Top of Supplied entries

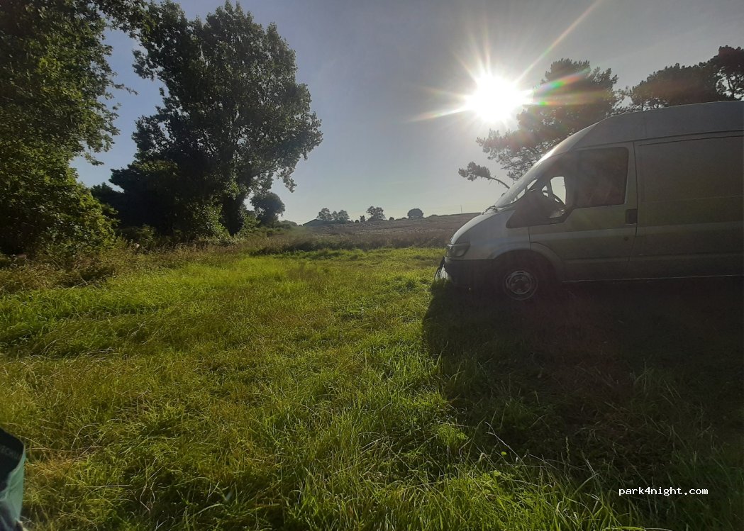 Spot retiré et très tranquille, tout près de l’étang. L’accès se fait par un chemin bordé de végétation un peu étroit. Ça passe tout juste en van. Ça frotte aux tiges en camping car. Nous y étions un après-midi, un seul camping car stationné. Pas mal de place.
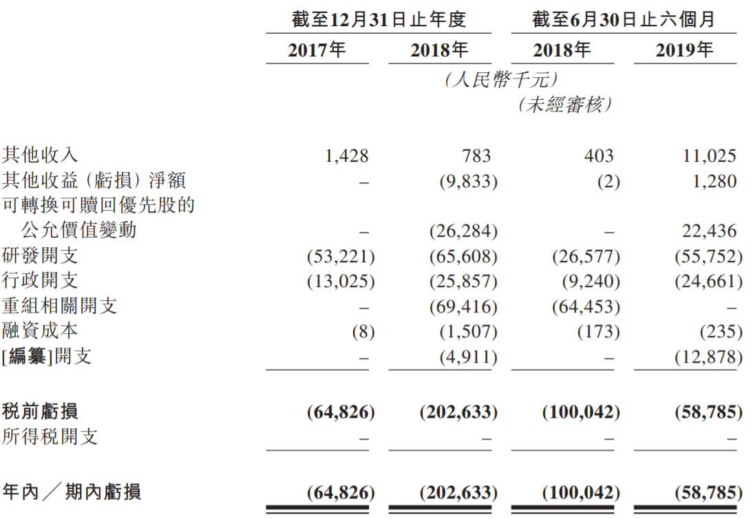 在财务营收方面,由于还未有产品上市,康宁杰瑞目前的营收较少。同时,由于费用前置,公司2017、2018年、2019年上半年期内亏损分别达到了6482.6万、2.03亿、5878.5万元,不过,2018年亏损大幅扩大的重要原因是受非经营性的可转换可赎回优先股的公允价值变动以及重组相关开支的影响。
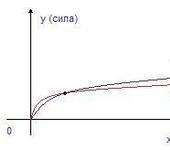 Увеличим скорость и пружинка растянется еще, но сила растягивающая пружинку будет непропорциональьна росту скорости, т.е. она не линейна, и график будет иметь скорее всего параболический вид.
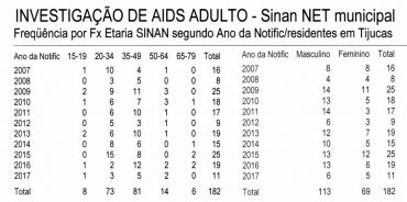 No caso específico de Tijucas a Vigilância Epidemiológica não revelou o número de habitantes portadores do vírus, mas extraoficialmente fala-se em mais de 600 moradores. Conforme mostra o gráfico a seguir, somente de 2007 a 2017 foram diagnosticados ou notificados 182 novos casos. E em alguns anos ultrapassamos a média nacional. Basta dizer que a média do Brasil é de 20 novos portadores do vírus HIV ao ano, para cada grupo de 100.000 habitantes. Isso significa que os casos registrados na cidade precisam ser acrescidos em 2,5 para refletir a realidade exata. Confira os gráficos:
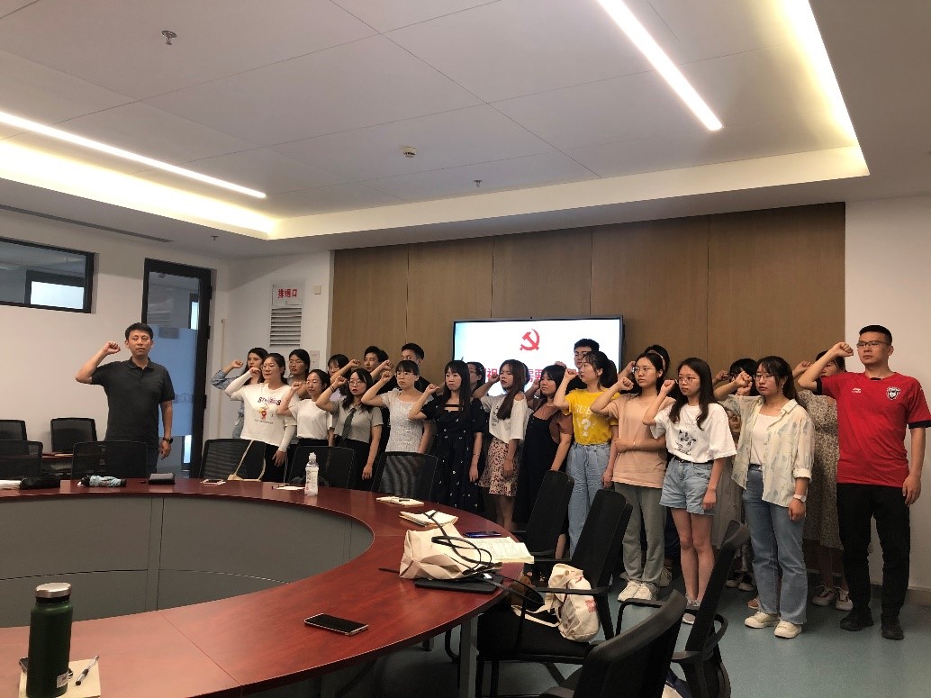 在邢鹏领誓下,硕9114党支部全体同志举起右拳,面对鲜艳党旗,重温入党誓词。
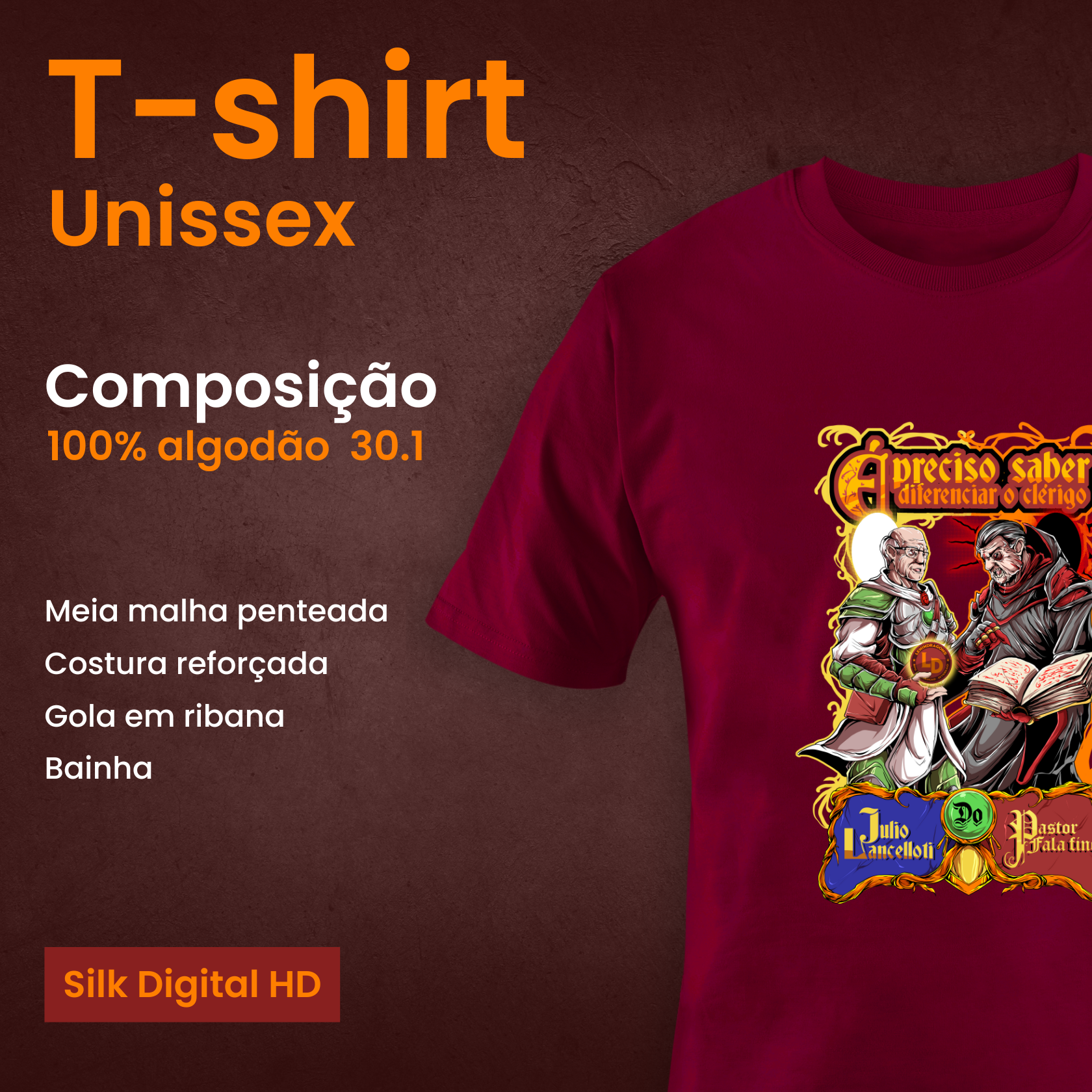 Cores do produto: Como cada tela de computador ou celular tem seu próprio jeito de mostrar cores, então a cor da sua camiseta e da estampa pode ser um pouco diferente do que você viu online.
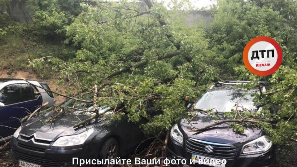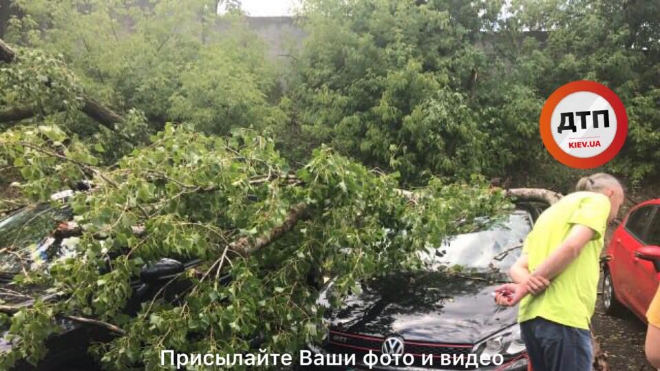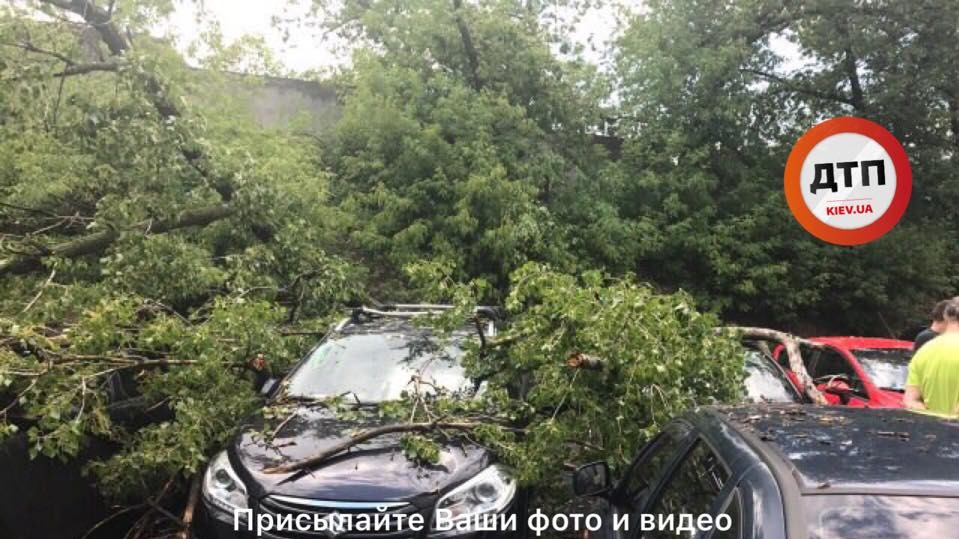 Так, на вулиці Смольной біля метро "Васильківська" дерево впало на припарковані автомобілі. За інформацією ТСН, пошкоджено п'ять машин.

Bottom of Supplied entries

Please set down the records above verbatim, with each picture left out.

 Spot retiré et très tranquille, tout près de l’étang. L’accès se fait par un chemin bordé de végétation un peu étroit. Ça passe tout juste en van. Ça frotte aux tiges en camping car. Nous y étions un après-midi, un seul camping car stationné. Pas mal de place.
 在财务营收方面,由于还未有产品上市,康宁杰瑞目前的营收较少。同时,由于费用前置,公司2017、2018年、2019年上半年期内亏损分别达到了6482.6万、2.03亿、5878.5万元,不过,2018年亏损大幅扩大的重要原因是受非经营性的可转换可赎回优先股的公允价值变动以及重组相关开支的影响。
 Увеличим скорость и пружинка растянется еще, но сила растягивающая пружинку будет непропорциональьна росту скорости, т.е. она не линейна, и график будет иметь скорее всего параболический вид.
 No caso específico de Tijucas a Vigilância Epidemiológica não revelou o número de habitantes portadores do vírus, mas extraoficialmente fala-se em mais de 600 moradores. Conforme mostra o gráfico a seguir, somente de 2007 a 2017 foram diagnosticados ou notificados 182 novos casos. E em alguns anos ultrapassamos a média nacional. Basta dizer que a média do Brasil é de 20 novos portadores do vírus HIV ao ano, para cada grupo de 100.000 habitantes. Isso significa que os casos registrados na cidade precisam ser acrescidos em 2,5 para refletir a realidade exata. Confira os gráficos:
 在邢鹏领誓下,硕9114党支部全体同志举起右拳,面对鲜艳党旗,重温入党誓词。
 Cores do produto: Como cada tela de computador ou celular tem seu próprio jeito de mostrar cores, então a cor da sua camiseta e da estampa pode ser um pouco diferente do que você viu online.
 Так, на вулиці Смольной біля метро "Васильківська" дерево впало на припарковані автомобілі. За інформацією ТСН, пошкоджено п'ять машин.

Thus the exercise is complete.